● **ACTIVITY**:
Copy out only the lines running from the one that contains "Tout renaît, quand" through the end of the listing. Pictures stay out.

● **INFORMATION PROVIDED**:
[Start of section]
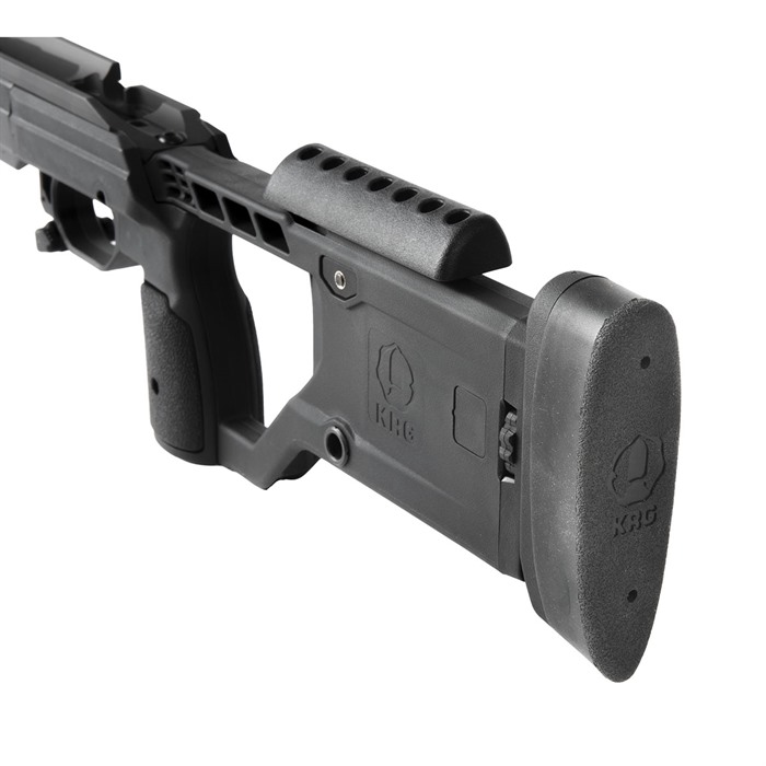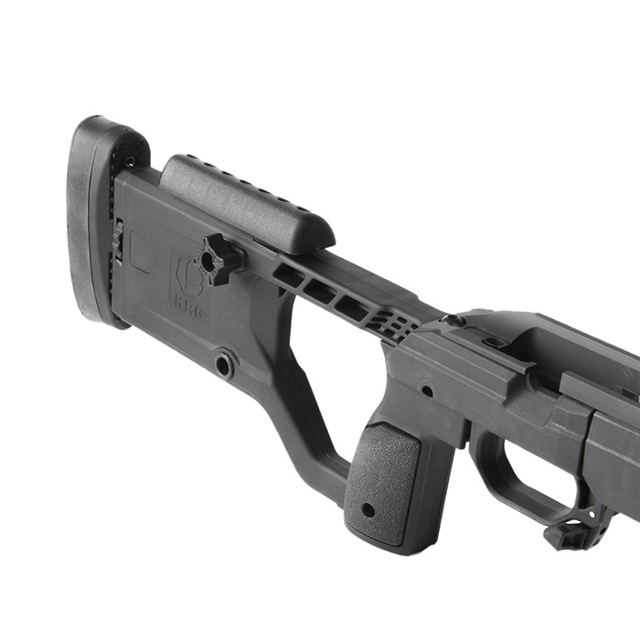 Zmiana dotyczy nowego, jednoczęściowego tylnego elementu, który standardowo wyposażony jest w regulację wysokości i kąta bez użycia narzędzi, a także w ambidextrous cheekpiece z pokrętłem. Wszystkie podwozia KRG obsługują magazynki AICS bez dodatkowych wymagań, magazynki nie są dołączone.
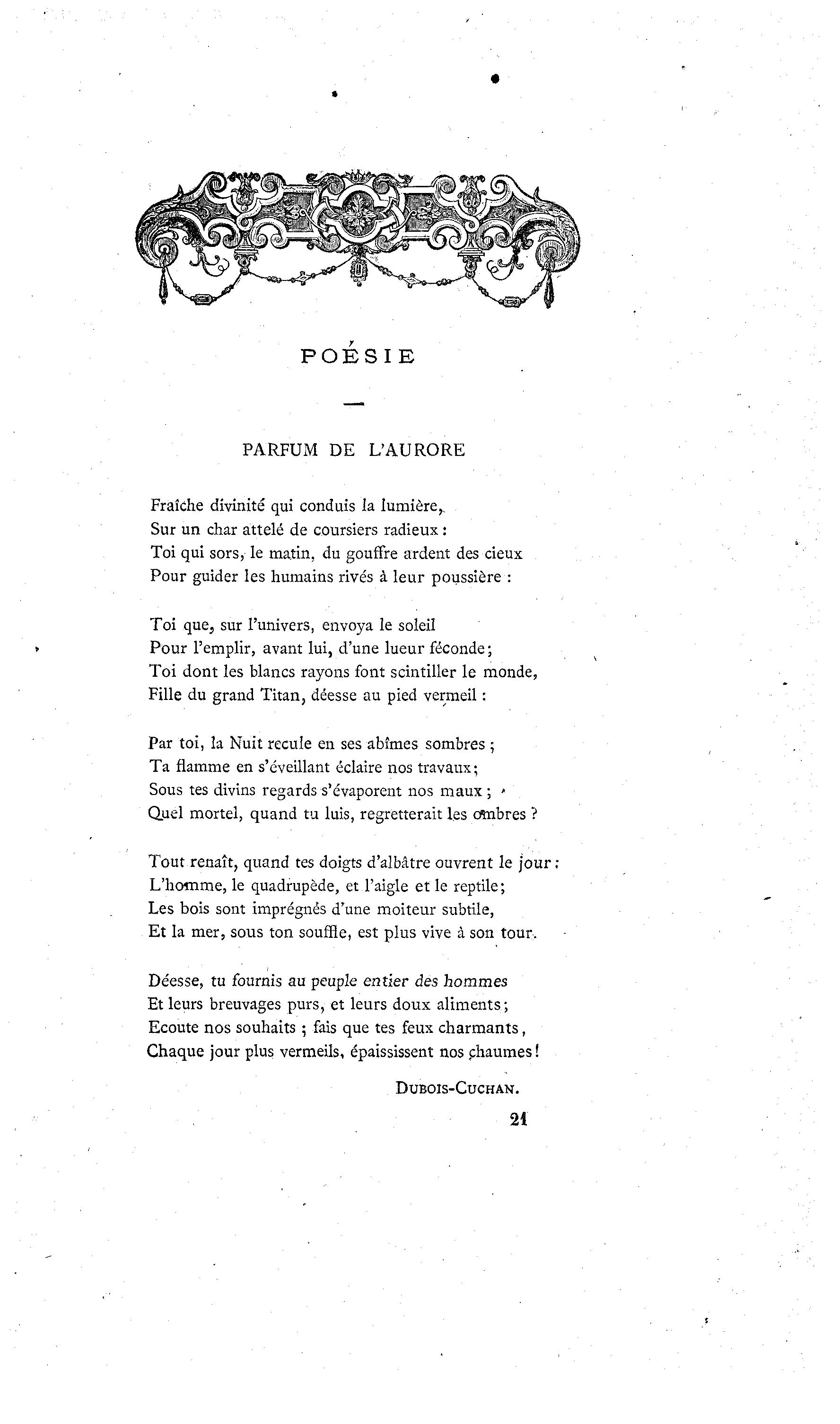 Tout renaît, quand tes doigts d'albâtre ouvrent le jour ;
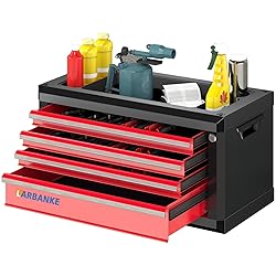 LARBANKE 4-Drawer Tool Box, Portable Tool Box with Lock&Keys,Toolbox with Waterproof and Rust-resistant Countertop,Anti-collision Corner,Special Connection Rods for Stacking with 5/7-Drawer Tool Chest
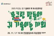 ㈜한국탑뉴스 차복원 기자 | 광주 동구는 오는 11월 1일 오후 3시 30분 전일빌딩 245 옥상정원(전일마루)에서 2025 책 읽는 동구 ‘올해의 책’ 독서 토론마당을 개최한다고 밝혔다. 이번 행사는 ‘올해의 책’ 사업과 연계해 마련된 행사로, 책을 매개로 시민들이 사회문제와 공동체 가치를 함께 생각하며 소통할 수 있도록 돕기 위해 마련됐다. 행사는 1부 2025 ‘올해의 책’ 독서공모전 시상식과 2부 시민 독서 토론마당으로 각각 진행되며, 올해의 책 작가, 청소년, 시민 등 200여 명이 함께할 예정이다. 1부 시상식에서는 그동안 ‘올해의 책’ 함께 읽기에 동참한 시민들과 함께 사회적 독서 운동의 성과를 공유하며 독서 문화 확산의 의미를 되새기는 시간을 가진다. 올해로 6회째를 맞는 ‘올해의 책’ 독서공모전은 전문가와 구민들의 추천으로 선정한 ‘올해의 책’을 개인 독후감과 가족·이웃이 함께 읽고, 독서 경험과 생각을 나눌 수 있는 ‘함께 읽는 우리’ 2개 부문으로 참여하도록 해 꾸준한 호응을 얻고 있다. 지난 7월 1일부터 8월 29일까지 총 726명이 참여해 심사를 거쳐 34명의
[End of section]
● **TASK RESULT**:
 Tout renaît, quand tes doigts d'albâtre ouvrent le jour ;
 LARBANKE 4-Drawer Tool Box, Portable Tool Box with Lock&Keys,Toolbox with Waterproof and Rust-resistant Countertop,Anti-collision Corner,Special Connection Rods for Stacking with 5/7-Drawer Tool Chest
 ㈜한국탑뉴스 차복원 기자 | 광주 동구는 오는 11월 1일 오후 3시 30분 전일빌딩 245 옥상정원(전일마루)에서 2025 책 읽는 동구 ‘올해의 책’ 독서 토론마당을 개최한다고 밝혔다. 이번 행사는 ‘올해의 책’ 사업과 연계해 마련된 행사로, 책을 매개로 시민들이 사회문제와 공동체 가치를 함께 생각하며 소통할 수 있도록 돕기 위해 마련됐다. 행사는 1부 2025 ‘올해의 책’ 독서공모전 시상식과 2부 시민 독서 토론마당으로 각각 진행되며, 올해의 책 작가, 청소년, 시민 등 200여 명이 함께할 예정이다. 1부 시상식에서는 그동안 ‘올해의 책’ 함께 읽기에 동참한 시민들과 함께 사회적 독서 운동의 성과를 공유하며 독서 문화 확산의 의미를 되새기는 시간을 가진다. 올해로 6회째를 맞는 ‘올해의 책’ 독서공모전은 전문가와 구민들의 추천으로 선정한 ‘올해의 책’을 개인 독후감과 가족·이웃이 함께 읽고, 독서 경험과 생각을 나눌 수 있는 ‘함께 읽는 우리’ 2개 부문으로 참여하도록 해 꾸준한 호응을 얻고 있다. 지난 7월 1일부터 8월 29일까지 총 726명이 참여해 심사를 거쳐 34명의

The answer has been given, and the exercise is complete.